Übersetzt für Unternehmen heißt das:
Achtsamkeit kann zu mehr Arbeitssicherheit führen. Vor allem stärkt sie die innere Sicherheit der Einzelnen – und damit in Summe die des gesamten Betriebs.

Mythos 3: Achtsamkeit ist ein Esoterik-Trend

Achtsamkeit hat seine Wurzeln im Buddhismus, ist aber weder geheimnisvoll noch mystisch. Welche Auswirkungen Achtsamkeitspraxis auf Körper und Gehirn hat, wurde vielfach fundiert untersucht.
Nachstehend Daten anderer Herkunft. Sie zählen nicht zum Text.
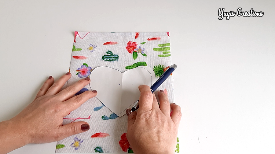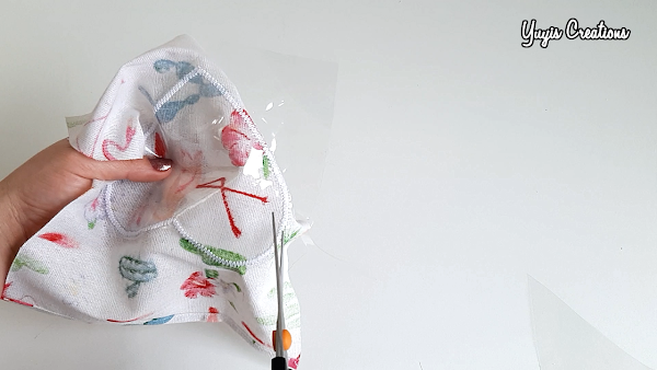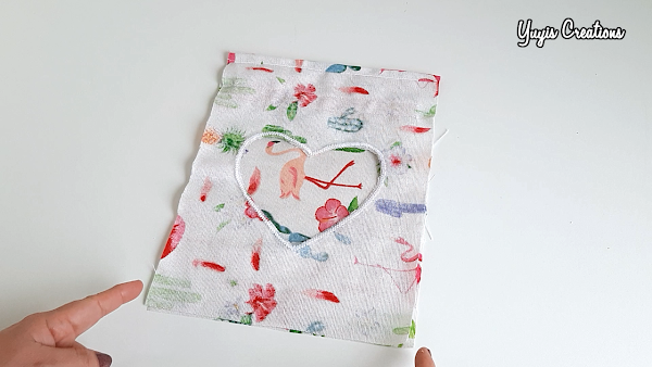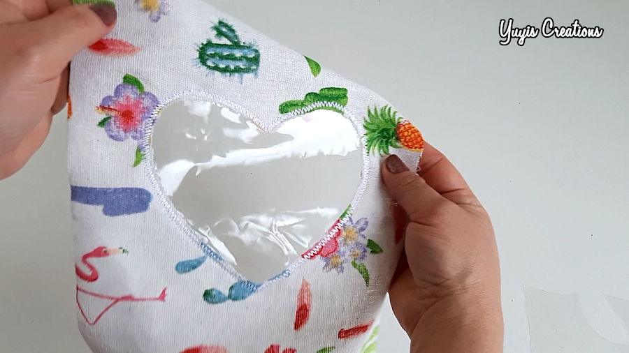 Con cuidado cortamos el sobrante de hule a ras de la costura y extraemos también la tela del corazón, también a ras de la costura, de esta forma:

Aus wissenschaftlicher Sicht lohnt es sich, das Gehirn mit Achtsamkeit zu trainieren. Das Training wirkt sich neuronal aus, z. B. im Ausbau der Dichte der grauen Substanz, im orbitofrontalen Kortex, der maßgeblich an der Steuerung unserer emotionalen Reaktionen beteiligt ist, und in einem Schrumpfen des Mandelkerns, der Amygdala, die für automatisierte Alarmreaktionen zuständig ist. So wird auch in Stresssituationen eine bessere Selbstregulation möglich.

Übersetzt für Unternehmen heißt das:
Der Umgang mit Stress und herausfordernden Situationen im Miteinander wird bei Beschäftigten aus der Tiefe heraus gestärkt.

Mythos 4: Achtsamkeit ist Sitzen statt Handeln

Das Gegenteil ist der Fall: Achtsamkeit ist die Grundlage für Handeln. Mit klarer Wahrnehmung nach außen wirken kann nur, wer gelernt hat, auch seine inneren Wellen zu reiten. Im Arbeitsalltag ereignet sich ständig etwas, auf das wir mit automatisierten individuellen Fühl-, Denk- und  Verhaltensprogrammen reagieren. Wenn ich mich vom automatisch ablaufenden Reiz-Reaktion-Reflex leiten lasse, bestimmt das auch meine Strategie. Durch Achtsamkeitspraxis können wir wirklich handeln, statt im Hamsterrad getrieben zu sein. 

Übersetzt für Unternehmen heißt das:
Wenn es um die Gestaltung von Veränderung und Zukunftsthemen geht, ist Achtsamkeit eine wichtige Grundlage.

Mythos 5: Achtsamkeit funktioniert sofort

Viele haben die Erwartung, dass sie sich nach einer Achtsamkeitsübung auf eine bestimmte Weise fühlen wollen, zum Beispiel besser oder entspannter. Klappt das nicht, ist oft zu hören: „Achtsamkeit habe ich ausprobiert. Das funktioniert bei mir nicht.“ Doch Achtsamkeit ist eher eine Evolution als eine Revolution. Sie wird wie ein Muskel trainiert: Je regelmäßiger ich trainiere, umso eher nehme ich Ergebnisse wahr.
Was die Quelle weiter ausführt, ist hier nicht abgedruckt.